This guaranteed income pilot gives low-income New York mothers $1,000 a month

By Talib Visram

In November 2021, Angelina Matos, 18, quit her job and enrolled in school. With a new baby to care for, it would have been hard for her to imagine having that opportunity a few months ago. But in July, Matos started receiving $1,000 checks every month. That extra income allowed her to fulfill a goal of studying full time.

Matos is one of 100 mothers chosen by the Bridge Project, New York City’s first consistent and at-scale guaranteed income pilot program. Funded entirely with private money, the program targets low-income new or expecting mothers of color. Now in its seventh month, the program already has shown its ability to support mothers, and is about to expand—but, the organizers say any further extensions will need government support.

In New York City, nearly a quarter of children under age 3 live in poverty, higher than the national average of about one in seven. For the Monarch Foundation, a private family foundation that is fully funding the pilot, a core area of focus is to alleviate child poverty and improve early development, especially in the first 1,000 days of a child’s life. “We live in one of the richest countries in the world,” says Megha Agarwal, the executive director. “No baby should be going without food and shelter.” The trust turned to direct cash as a way to create swift impact.

Starting in July, 100 mothers started receiving either $500 or $1,000—randomly assigned to test the impact of the different dollar amounts—in three Upper Manhattan neighborhoods with high populations of BIPOC mothers: Inwood, Washington Heights, and Central Harlem. About half the recipients are Black and half Latino, and around one in five is undocumented. It’s open to all mothers, regardless of marital status or age, but they must live in households earning less than $52,000 annually.

 
 

It’s the first guaranteed income pilot in New York City, other than a one-off Humanity Forward payout in 2020, when then-presidential candidate Andrew Yang distributed one-time payments to Bronx residents. Another pilot, Baby’s First Years, provides cash transfers as part of an ongoing scientific study on how poverty affects children’s brains, but also works in New Orleans, Omaha, and the Twin Cities.

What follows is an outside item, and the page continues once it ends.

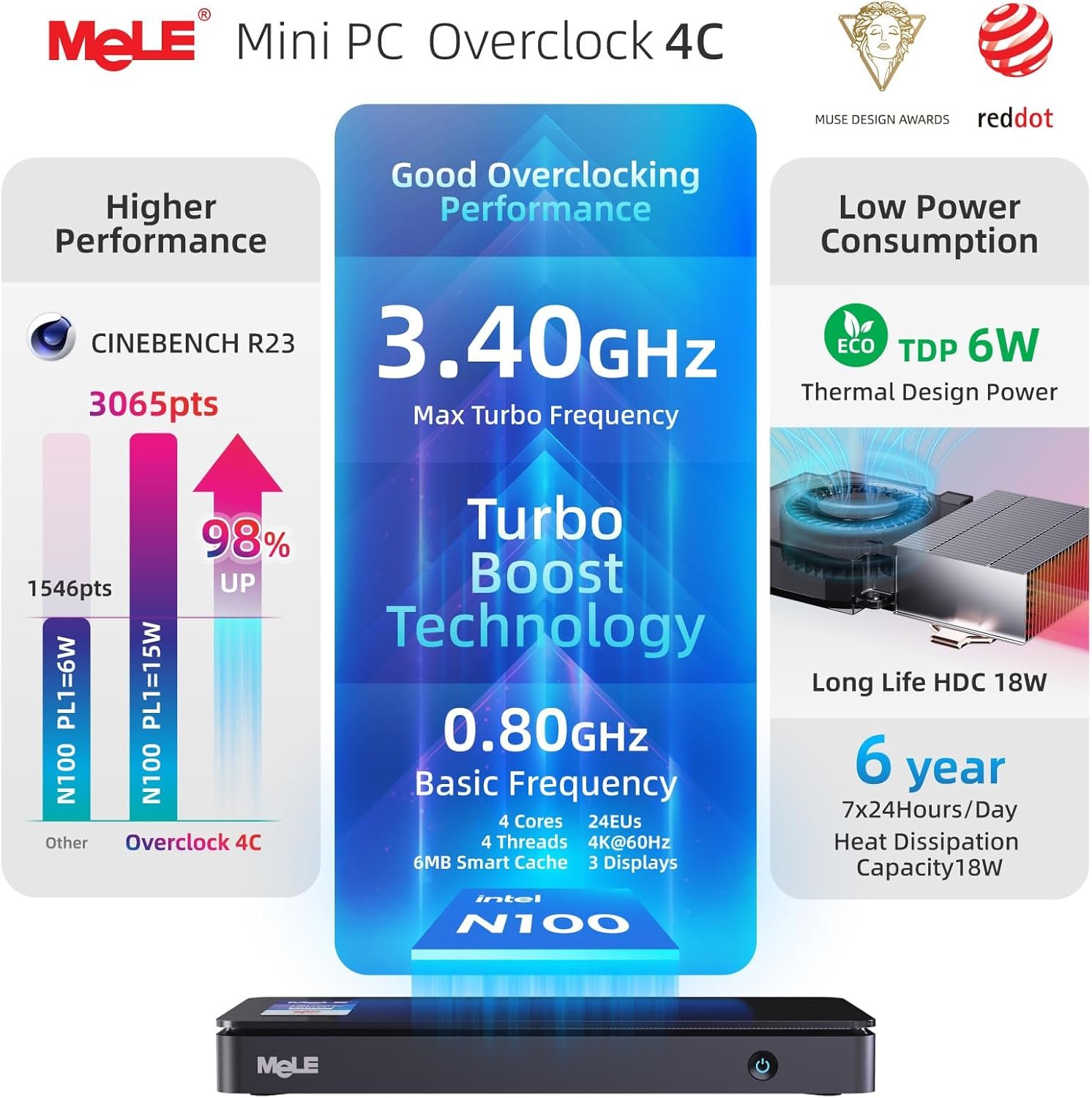 Rich interfaces, fast speed – The MeLE Overclock 4C offers a PCIE3.04 for the M.2 interface, with a maximum speed of up to 3940MB/s. Any 4 times more than other Mini PCs. At the same time, this compact PC offers rich interfaces, including USB2.01, USB3.0 Gen2 2, USB-C 3.2 Gen21, Micro-SD USB2.01 slot, HDMI 2.02 and 1* RJ45 Gigabit Ethernet port.

The Bridge Project focuses on New York City, and will be a key part of national evaluations of guaranteed income; like many pilot programs, it’s working with the University of Pennsylvania’s Center for Guaranteed Income Research.

So far, the pilot’s data shows that mothers are spending on food and rent, but also on Ubers to hospital when a baby is sick, or a home washing machine so they don’t have to risk going to a laundromat with an unvaccinated baby. Mothers have been able to scale back from working two or three jobs, or to enroll in school, like Matos. “All the money goes to my daughter,” Matos says, saying she spends it on Pampers, clothes, formula, and toys. “If I have any leftover money, I’ll save, or I’ll help my mom out.” Crucially, this is not a flexibility that most government social programs allow. “They’ll say, this is money that you can use on this certain type of milk, and this certain size,” Agarwal says.

The foundation is launching a second phase of the pilot in April, selecting an additional 500 expectant mothers across the existing neighborhoods plus East Harlem and South and Central Bronx; both programs will last three years. It’ll need a total of $16 million, all coming from the foundation’s repository. While that works for a pilot, it’s not a sustainable solution for carrying on these supplemental incomes further into the future. “The only way to adequately scale up a program like this is through government investment,” Agarwal says. “Our private dollars can only go so far.”

The organizers hope to convince Mayor Eric Adams’ new administration to work with them and add additional financing, which would also allow the program to join the Mayors For a Guaranteed Income alliance, a collective of city leaders who are experimenting with the policy. As it stands, New York is one of the biggest cities in the country not yet part of the partnership, which includes Atlanta, Philadelphia, and Los Angeles. Being a member would bring them valuable support and know-how.

And governmental funding would greatly widen impact opportunities for young children and parents. “The current investments in this country just show that we are not valuing mothers and babies,” Agarwal says. “I think we need to start really questioning what kind of country we want to live in.”